* [PATCH v4] xtensa: Eliminate the use of callee-saved register that saves and restores only once
[not found] <465b0cbe-73ca-f5a0-661d-d34217e29b4d.ref@yahoo.co.jp>
@ 2023-01-19 3:50 ` Takayuki 'January June' Suwa
2023-01-20 15:14 ` Max Filippov
0 siblings, 1 reply; 5+ messages in thread
From: Takayuki 'January June' Suwa @ 2023-01-19 3:50 UTC (permalink / raw)

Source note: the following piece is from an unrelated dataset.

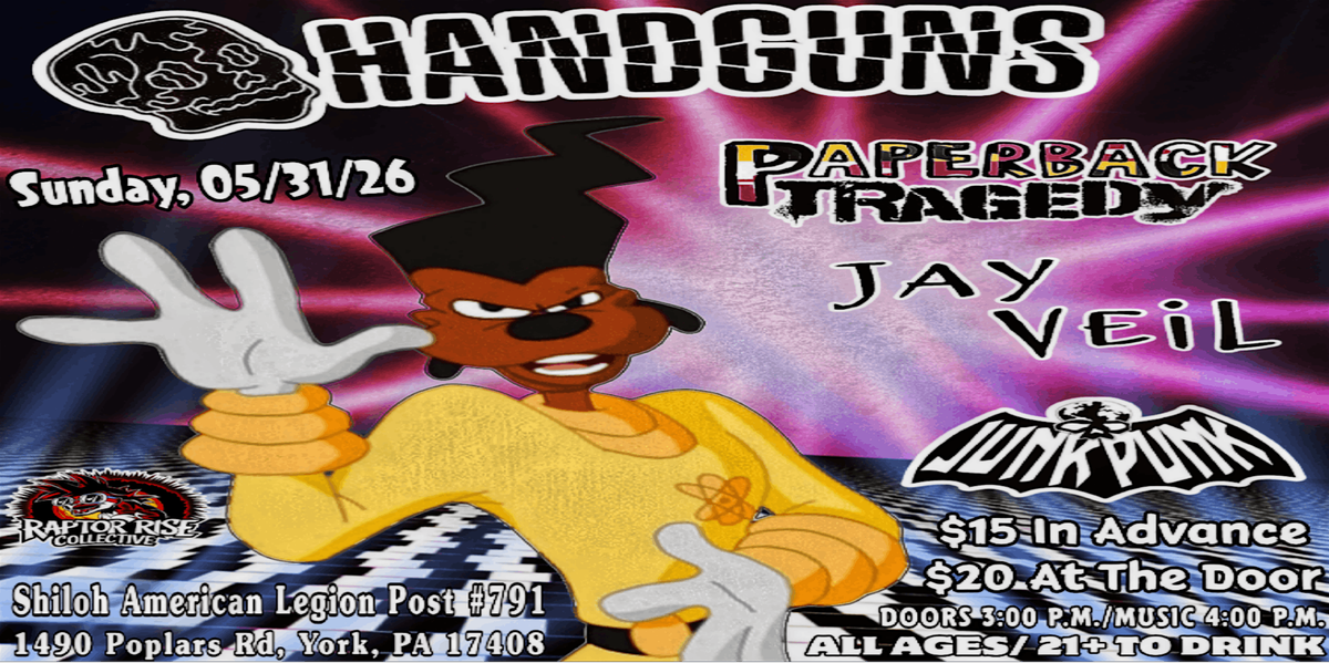 Pop Punk legends from Harrisburg, Handguns invades York, Pa. Joining for support is Paperback Tragedy, Jay Veil, and Junk Punk.

To: GCC Patches; +Cc: Max Filippov
In the previous patch, if insn is JUMP_INSN or CALL_INSN, it bypasses the reg check (possibly FAIL).
=====
In the case of the CALL0 ABI, values that must be retained before and
after function calls are placed in the callee-saved registers (A12
through A15) and referenced later. However, it is often the case that
the save and the reference are each only once and a simple register-
register move (the frame pointer is needed to recover the stack pointer
and must be excluded).
e.g. in the following example, if there are no other occurrences of
register A14:
;; before
; prologue {
...
s32i.n a14, sp, 16
...
; } prologue
...
mov.n a14, a6
...
call0 foo
...
mov.n a8, a14
...
; epilogue {
...
l32i.n a14, sp, 16
...
; } epilogue
It can be possible like this:
;; after
; prologue {
...
(deleted)
...
; } prologue
...
s32i.n a6, sp, 16
...
call0 foo
...
l32i.n a8, sp, 16
...
; epilogue {
...
(deleted)
...
; } epilogue
This patch introduces a new peephole2 pattern that implements the above.
gcc/ChangeLog:
* config/xtensa/xtensa.md: New peephole2 pattern that eliminates
the use of callee-saved register that saves and restores only once
for other register, by using its stack slot directly.
---
gcc/config/xtensa/xtensa.md | 62 +++++++++++++++++++++++++++++++++++++
1 file changed, 62 insertions(+)
diff --git a/gcc/config/xtensa/xtensa.md b/gcc/config/xtensa/xtensa.md
index 4f1e8fd13..ac04ef6f0 100644
--- a/gcc/config/xtensa/xtensa.md
+++ b/gcc/config/xtensa/xtensa.md
@@ -3029,3 +3029,65 @@ FALLTHRU:;
operands[1] = GEN_INT (imm0);
operands[2] = GEN_INT (imm1);
})
+
+(define_peephole2
+ [(set (match_operand:SI 0 "register_operand")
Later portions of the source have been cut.